To complement his poems about the Trojan war, the ups and downs of Greek rulers and
empires, about the late Roman Republic, the Roman Empire and various incidents during
the reigns of different Byzantine emperors coins depicting the same events have been
selected; the Greek section features depictions of Homer and Hector’s farewell – through,
naturally, from the later Roman period – as well as of a number of Hellenistic rulers. The
Roman period is represented by coins from the Roman Republic and from the Roman
Empire - the former by coins issued by Marius, Sulla, Caesar, and Marc Anthony, the latter
by examples minted during the reigns of Augustus, Nero, Galba, Seprimius Severus,
Tacitus, Constantine the Great, and especially Julian the Apostate who favoured a return to
the old gods shortly after Christianity had been established as the empire’s official religion.

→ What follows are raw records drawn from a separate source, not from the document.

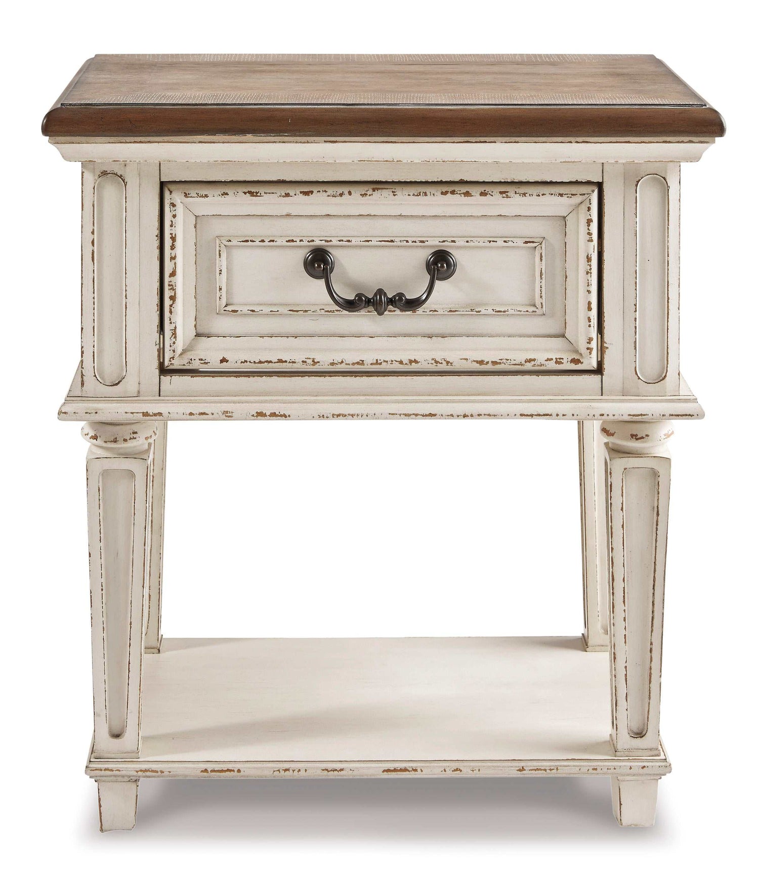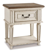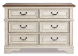 Elevating the art of traditional cottage styling, this bedroom set is your dream retreat realized. A sumptuous beauty, the upholstered bed wows with a distressed chipped white finish for heirloom appeal. The deep tufting on the cushioned upholstered headboard adds a cozy element that will surely put you at ease. Framed drawer fronts, decorative corbels, bail pulls, and contrasting wood-finished surfaces add to the charm.
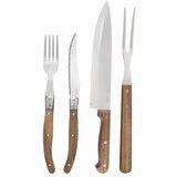 Poklon set pribora za jelo Orion oduševit će svakog ljubitelja roštilja. Set uključuje noževe za odreske, vilice i pribor za posluživanje, a sve to nadopunjeno daskom za rezanje od akacijevog drva. Set uključuje 6 vilica duljine 22 cm, 6 noževa za odreske duljine 23 cm, veliki nož (32,5 cm), vilicu (33 cm) i dasku za rezanje dimenzija 37 x 23 x 1,5 cm.
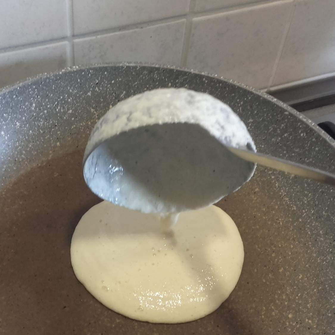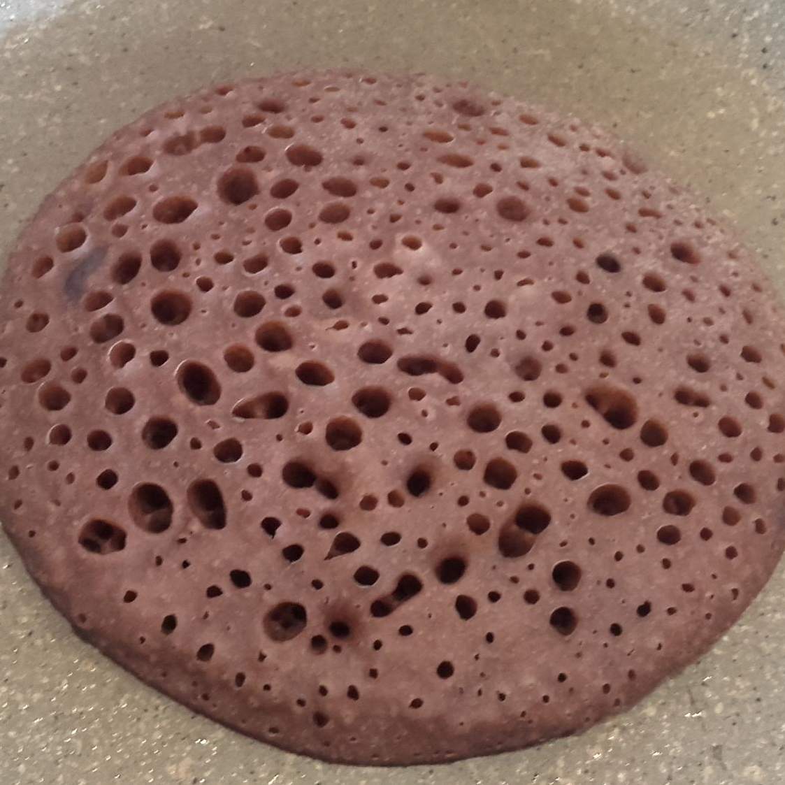 Scaldare una padella antiaderente (fuoco dolce) e stendere un mestolo di pastella (non serve ungere la padella con olio) cuocere all'incirca 5 minuti, si vede quando è cotto in superficie perché cambia colore e diventa come una spugna (non va girato, si cuoce solo da un lato).
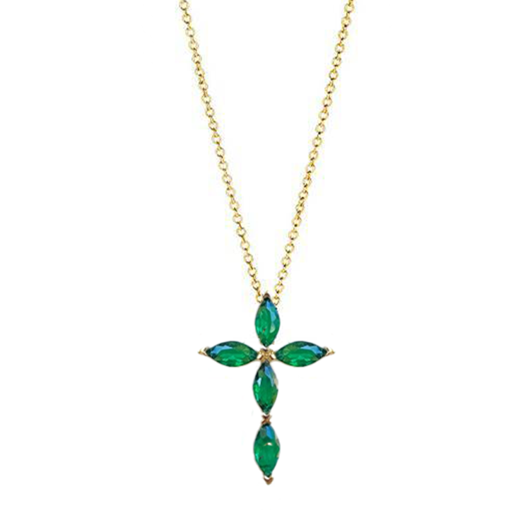 Elevate your faith and style with our Green Emerald Marquise Cross Necklace! Uniquely designed, this necklace features five stunning 5x marquise cut green emerald stones, adding a touch of elegance and individuality to your look.
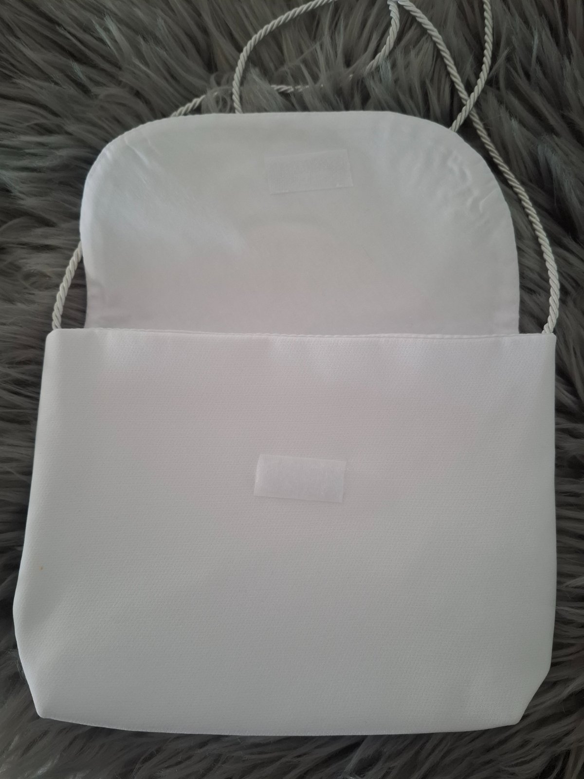 Krásna nová snehobiela kabelka,taška na prvé sväté prijímanie, zapínanie na suchý zips,zabalená cena za kus ,rozmer 19x15cm
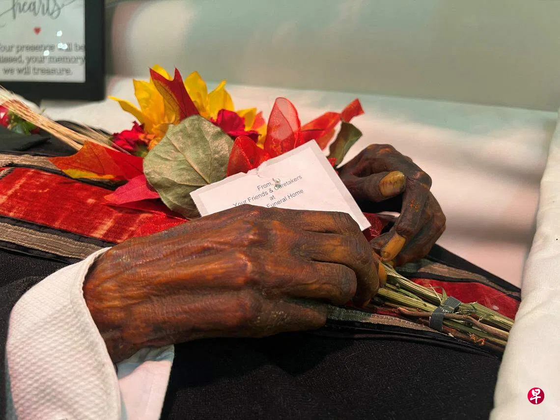 美国宾夕法尼亚州一家殡仪馆为一名已成为皮革木乃伊的男子举行葬礼,而这也是过去128年里,这名男子第一次得以用真名下葬。
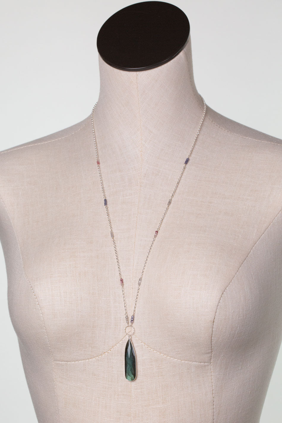 Celestial 26.5-28.5" Spinel With Labradorite Bezel Focal Statement Necklace
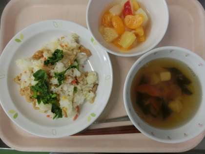 菜の花寿司・ジョア・澄まし汁・もものフルーツポンチ
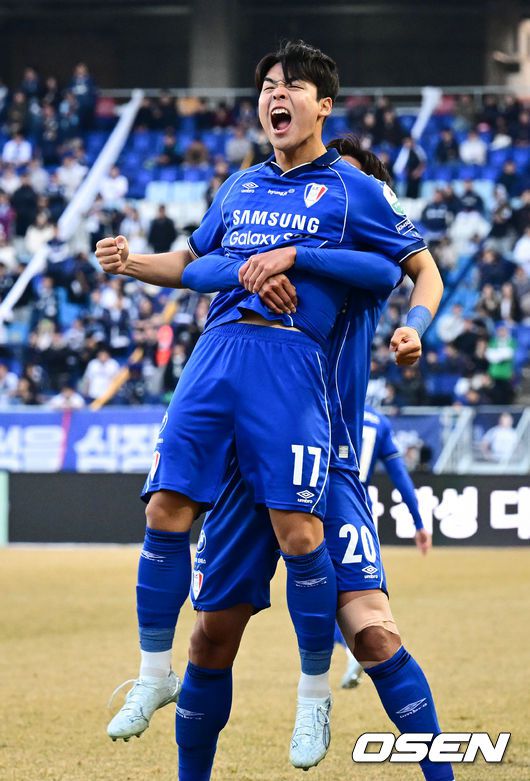 수원 삼성의 '정효볼'이 K리그2 역대 최다 관중인24071명 앞에서 화려하게 막을 올렸다. 수원은 28일오후 4시 30분 수원월드컵경기장에서 열린 하나은행 K리그2 2026 1라운드에서서울 이랜드를 상대로 2-1 역전승을 거뒀다. 수원 삼성 강현묵이 후반 역전골에 기뻐하고 있다. 2026.02.28 /cej@osen.co.kr
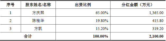 2018年12月10日,南方路機召開股東會,一致同意向全體股東分配利潤2,100.00萬元,具體分配金額依照其持股比例計算確定。其中,方慶熙、陳桂華和方凱分別分紅1,365.00萬元、415.80萬元和319.20萬元,3人累計分紅金額2,100.00萬元。
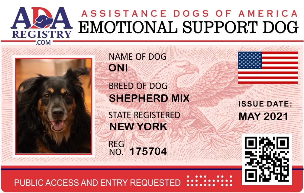 Emotional Support Dog Registration for Oni
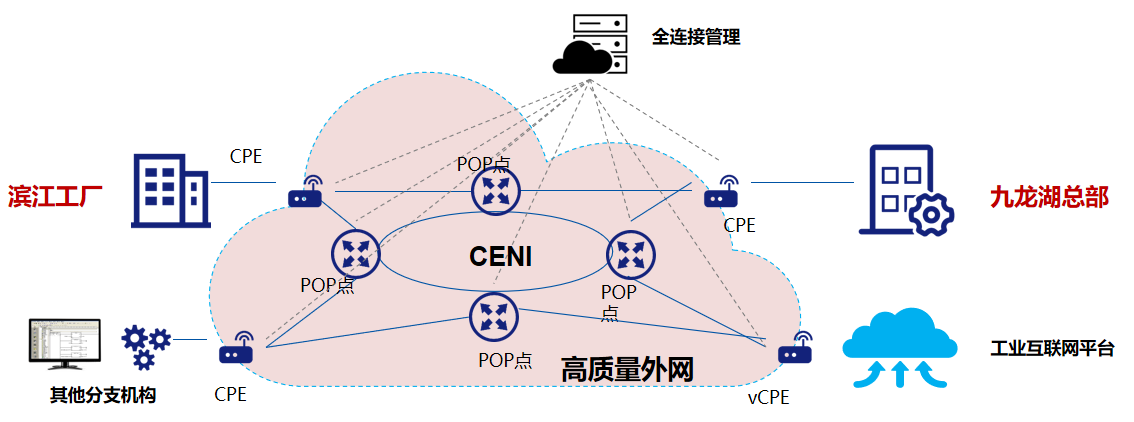 项目应用高质量工业外网、FN-IND工业互联网赋能平台,对公司滨江制造工厂进行工业互联网升级改造。计划在滨江工厂通过边缘网关连接各生产设备,通过高质量外网联通九龙湖科技园。在九龙湖科技园部署FN-IND工业互联网赋能平台,在工业互联网平台上实现智能制造相关的生产管理各类应用。通过数据融合,充分展示数字化、模块化、可视化、信息化、智能化等特色功能。
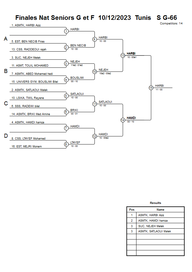 Finales Nat Seniors G et F 10/12/2023 Tunis
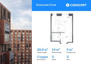Строим кварталы для жизни с заботой о будущем. Предлагается квартира студия комфорт-класса 28,62 кв.м в корпусе 3 на 3 этаже, в ЖК "Кольские Огни"

However, the Byzantine Empire is also well represented (Justinian, Leo III, Basileos I and
Alexios Komnenos to name but a few).
The exhibition, curated by Stephanos Geroulanos from the Onassis Cardiac Surgery Centre and Günther Dembski from the KHM’s Coin Cabinet, features Kavafis’ poems in their original Greek accompanied by a German translation and a selection of appropriate coins from Classical Antiquity. The exhibition is held under the patronage of H.E. Mrs. Ursula Plassnik, the Austrian Minister of Foreign Affairs, and H.E. Mrs. Dora Bakoyiannis, the Foreign Minister of the Hellenic Republic; it is supported by the Greek Embassy in Vienna, the Austrian Embassy in Athens, and the Alexander S. Onassis Public Benefit Foundation.